### [Problem details]
Give back, word for word, only the lines from the opening of the records through the one with "Welcome to Lumbini". Pictures stay out.

### [Dataset extract]
□ □ □ □ □

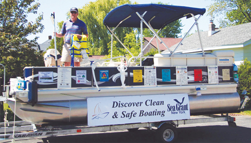 From May to September, NYSG Recreation and Tourism Specialist Dave White embarked on the 2010 upstate NY tour of the Discover Clean & Safe Boat sponsored by Marathon Boat Group, the Boating Industries Association of Upstate NY, Great Lakes Seaway Trail, Morgan Recreational Supply, Taylor Made Products, NYS Parks and the NYS Environmental Facilities Corporation. The 19-ft “Made in New York” Grumman aluminum pontoon boat came off the assembly line in Marathon to educate boaters about required and recommended gear for safe and legal NY boating. NYSG equipped the boat with four types of personal flotation devices (PFDs), safety flares, chartbook, paddle, and a fuel nozzle bib to reduce fuel spills. The boat had two electric motors, a generator and a shoreline recharge plug-in. Boaters at the exhibit who pledged to be “clean, green and safe” spun a wheel for prizes such as a floating keychain, bilge sock, Nautical Seaway Trail Chartbook, poncho and life jacket.
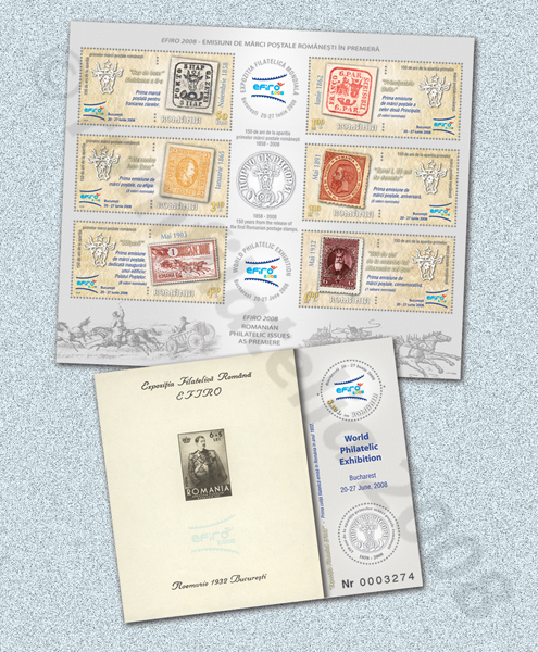 The postage stamps issue dedicated to EFIRO 2008, that Romfilatelia introduces into circulation within EFIRO 2008 events, reunites images of the postage stamps issued between 1858-1932 which have been, at the time, philatelic première themes for Romanian philately.
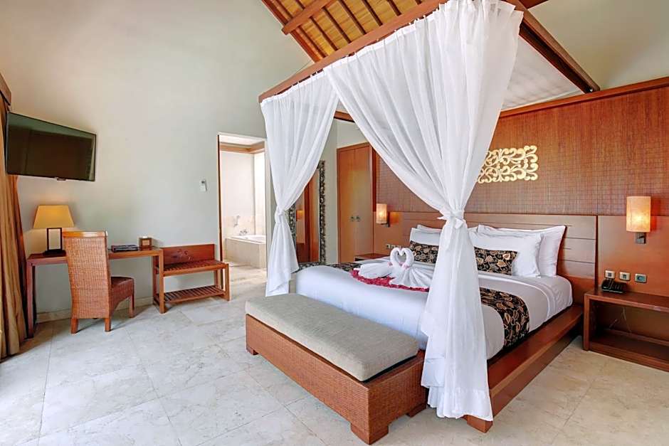 Welcome to Lumbini Luxury Villas and Spa, your oasis of tranquility nestled just 1,4mi from the lively heart of Jimbaran, Indonesia! With prices starting at just $108, you can unlock the door to luxurious living in an unforgettable resort. Surrounded by lush gardens and stunning views, this 4-star retreat is perfect for those looking to indulge in comfort and style—whether you're soaking up the sun in your own private pool or taking a leisurely stroll through the beautiful grounds.
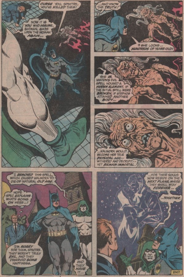 I’ll come right out and say it, I’m not a huge fan of The Spectre. Probably because I haven’t read very many of his appearances. Batman however, is a different story! In this penultimate issue of the series, we see the Spectre separated from Jim Corrigan (the two were sort of bonded together for most of the character’s existence). Two magic users (Kalindra and Stephos) kidnap Jim Corrigan, and The Spectre (isn’t he supposed to have cosmic awareness?) needs to locate his host (Corrigan), so he enlists the help of the greatest living detective, Batman! It isn’t long before the heroic duo find where Corrigan is being kept, and then the two begin to clean house.
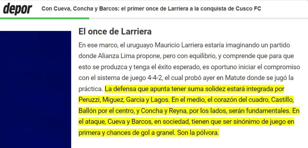 Catalogándose como arriesgado pues juega ante Cusco FC en el estadio Inca Garcilaso de la Vega, el técnico uruguayo Mauricio Larriera definió el once que empleará Alianza Lima.
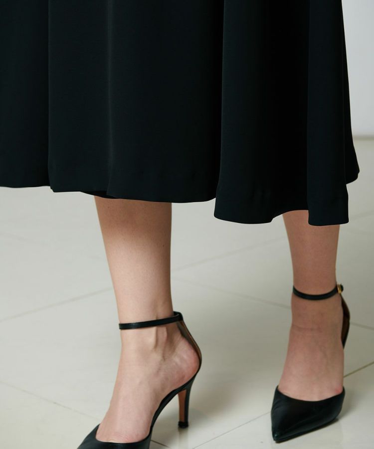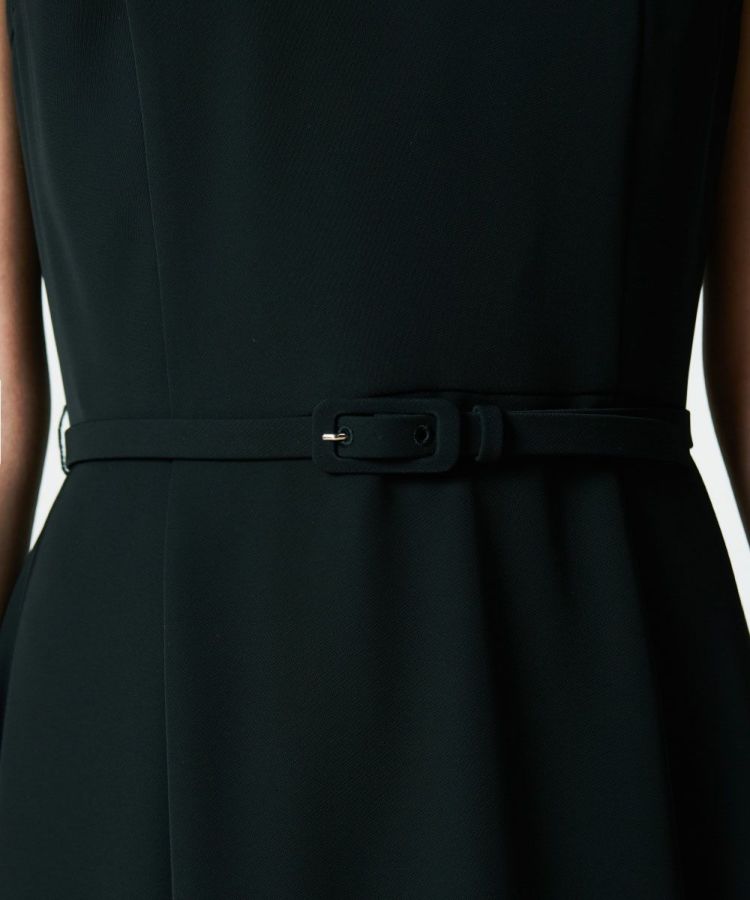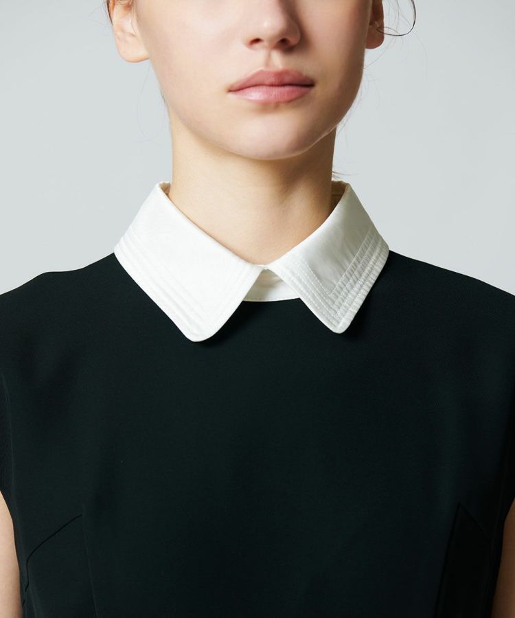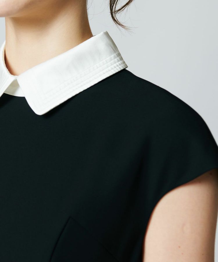 クラシカルで清楚な印象のワンピース。ブラックと白襟のバイカラーがきりりとした表情を引き立てる一方、フレンチスリーブが柔らかな腕のラインを演出し、女性らしさをプラスします。ウエストのベルトは高めの位置に設定することで、さりげなくスタイルアップ効果が。スカートにはしっかりとドレープがあり上品。また、ヒップラインが自然にカバーされるのもうれしいポイントです。
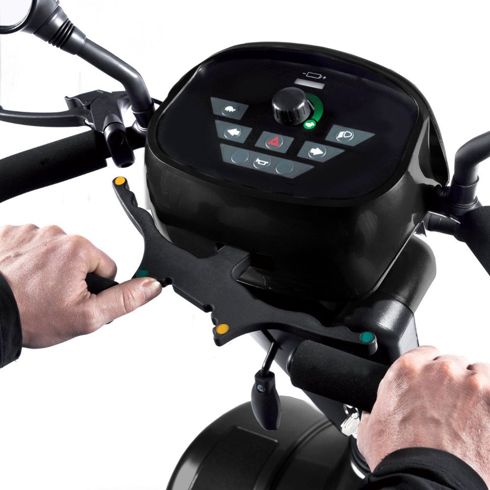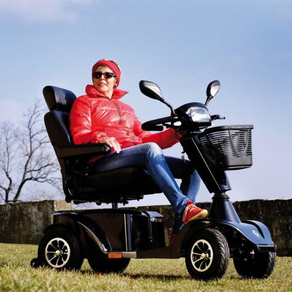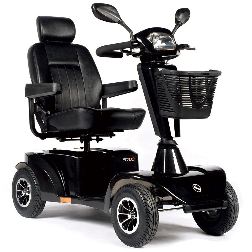 The S700 is the leader of the pack with superior outdoor performance features. Tackle greater gradients of 10 degrees, higher kerbs of up to 100mm and greater obstacles with larger 33cm tyres – it’s truly a mobility scooter designed for those who just can’t sit still. There’s no need to worry about distance either as the large 75Ah battery size will power an extended range of up to 55km and a lively top speed of 8mph. You’re also assured of a smooth, rewarding drive each and every time with the advanced 4-wheel suspension (as standard) supporting a maximum user weight of up to 160kg. Plus with a black metallic colour finish, the S700 will always get the attention it deserves.
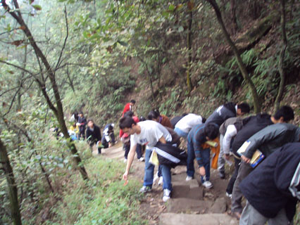 活动前学员们准备好了捡垃圾用的手套和垃圾袋,学员们一路登山一路捡拾垃圾,整个登山过程气氛愉悦,收益颇多。虽然上午雾大气温很低,但学员们的额头上仍渗出了劳动的汗滴。南山是公司的一处标志性风景,保护南山的清洁也是身为1949伟德国际源自英国一员的责任,党校学员们更应积极履行这一职责。
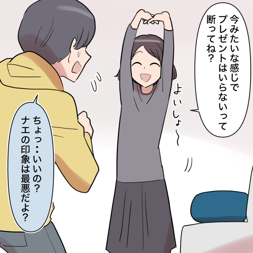 義母への印象を悪くされ、私が焦るとでも思ったのでしょうか、ショウタは「今みたいな感じでプレゼントはいらないって断ってね?」と喜んで答えた私の態度に慌てました。「ちょ、いいの?ナエの印象は最悪だよ?」
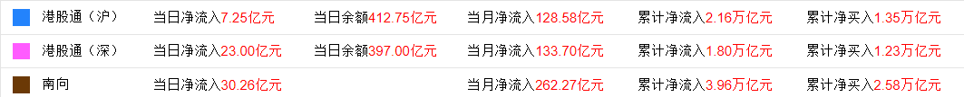 今日,南下资金净流入30.25亿港元,其中港股通(沪)净流入7.25亿港元,港股通(深)净流入23亿港元。
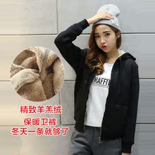 冬季新款加绒卫衣女加厚大码女装休闲上衣保暖连帽加绒外套女
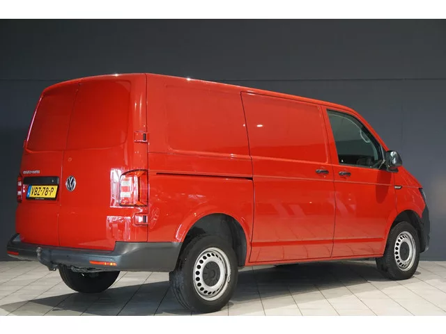 Volkswagen Transporter, Origineel Nederlands (NAP), Trekhaak (2200kg), Parkeersensoren achter, Bluetooth audio + telefoon koppeling, Hout afwerking in de laadruimte, Schuifdeur rechts, Cruise control, Airco, . Carrosserievorm: Bestelauto; 5 versn., Handgeschakeld; Modelreeks: 2015 - 2020; Modelcode: T6; Voorwielaandrijving; 75 kW; 250 Nm; 4 cilinders; 1.968cc; Gewicht: 1.805kg; Laadvermogen: 795kg; GVW: 2.600kg; L1H1; LxB: 490x190cm; Wielbasis: 300cm; 70l tank; 5.800 laadruimtel; 0-100 km/h: 15,3s; Topsnelheid: 157km/u; Interieur: Titaniumzwart (jg), Stof; 3 zitplaatsen; 7,1 l/100km; 9,1 l/100km; 5,9 l/100km; 187 g/km CO₂; Euro 6d-TEMP; Wegenbelasting: € 161p/kwrt; Beschikbare afleverpakketten: Basispakket (inbegrepen); Servicepakket 1 (€ 495 meerprijs); Servicepakket 2 (€ 695 meerprijs); Basiskleur: rood / rood
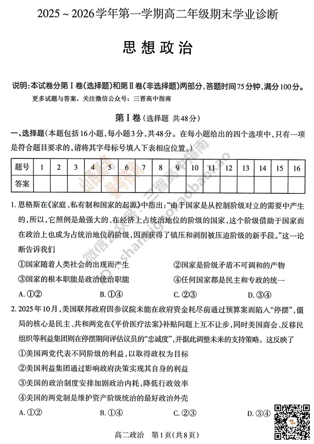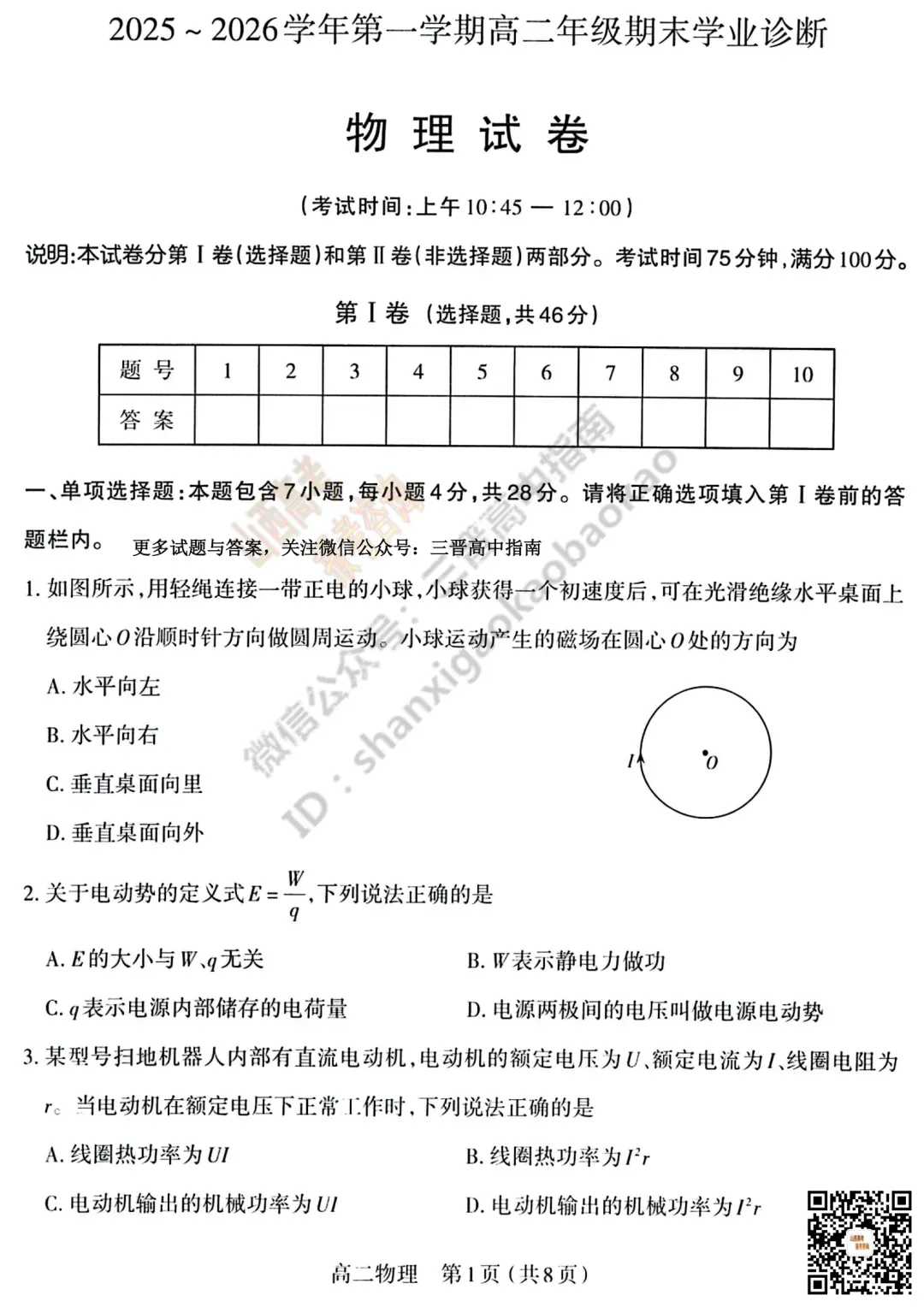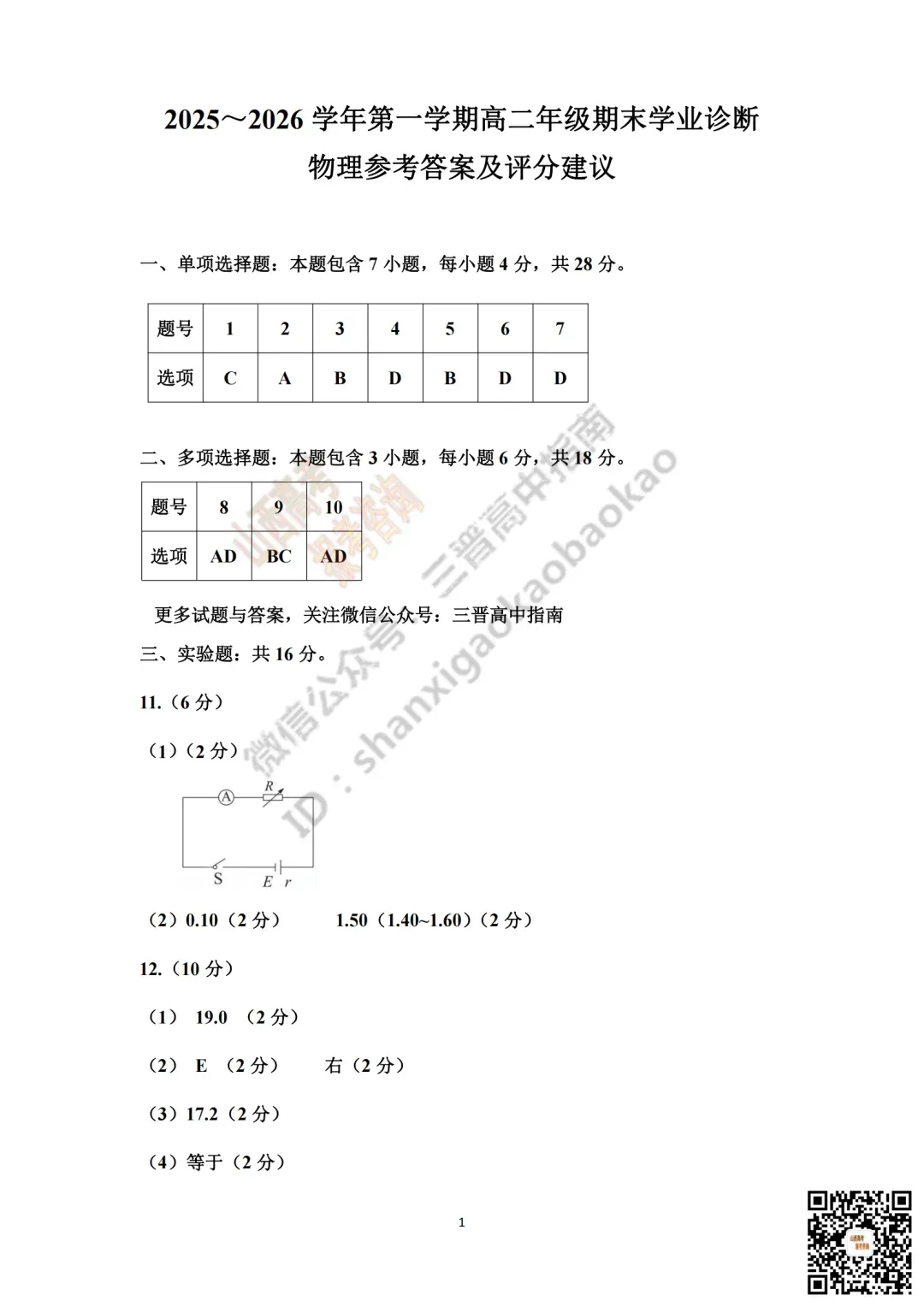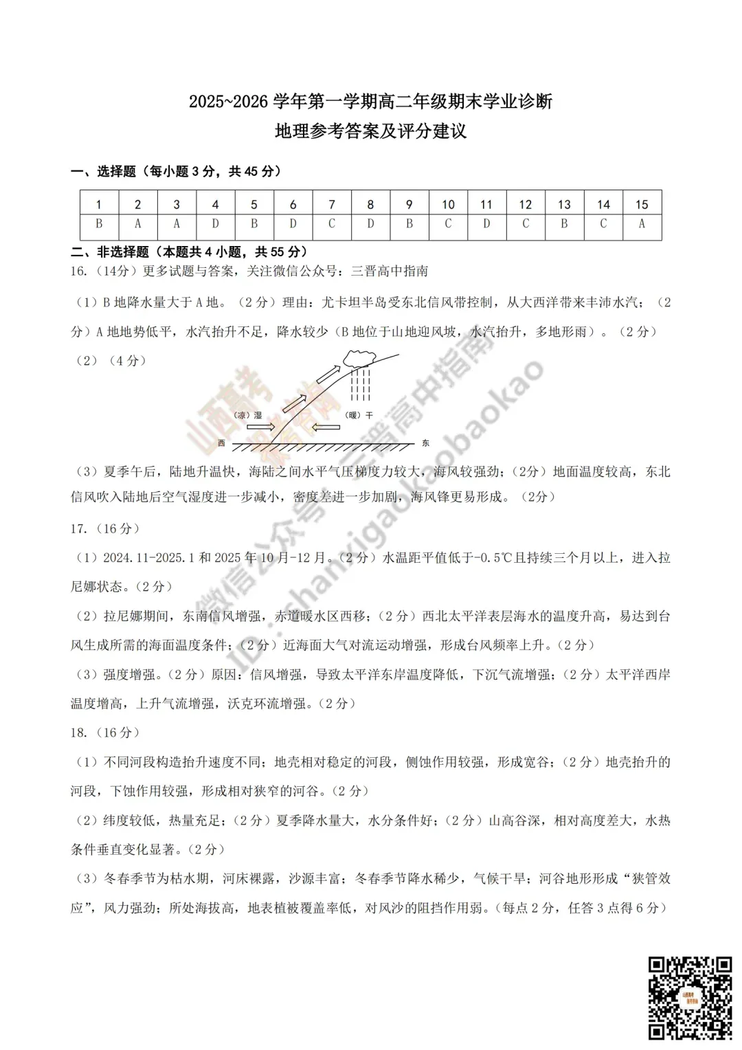 当前位置:首页>太原>太原市2026高二第一学期期末学业诊断全科试题与答案!附送高清打印版

□ □ □ □ □

### [Finished exercise]
 From May to September, NYSG Recreation and Tourism Specialist Dave White embarked on the 2010 upstate NY tour of the Discover Clean & Safe Boat sponsored by Marathon Boat Group, the Boating Industries Association of Upstate NY, Great Lakes Seaway Trail, Morgan Recreational Supply, Taylor Made Products, NYS Parks and the NYS Environmental Facilities Corporation. The 19-ft “Made in New York” Grumman aluminum pontoon boat came off the assembly line in Marathon to educate boaters about required and recommended gear for safe and legal NY boating. NYSG equipped the boat with four types of personal flotation devices (PFDs), safety flares, chartbook, paddle, and a fuel nozzle bib to reduce fuel spills. The boat had two electric motors, a generator and a shoreline recharge plug-in. Boaters at the exhibit who pledged to be “clean, green and safe” spun a wheel for prizes such as a floating keychain, bilge sock, Nautical Seaway Trail Chartbook, poncho and life jacket.
 The postage stamps issue dedicated to EFIRO 2008, that Romfilatelia introduces into circulation within EFIRO 2008 events, reunites images of the postage stamps issued between 1858-1932 which have been, at the time, philatelic première themes for Romanian philately.
 Welcome to Lumbini Luxury Villas and Spa, your oasis of tranquility nestled just 1,4mi from the lively heart of Jimbaran, Indonesia! With prices starting at just $108, you can unlock the door to luxurious living in an unforgettable resort. Surrounded by lush gardens and stunning views, this 4-star retreat is perfect for those looking to indulge in comfort and style—whether you're soaking up the sun in your own private pool or taking a leisurely stroll through the beautiful grounds.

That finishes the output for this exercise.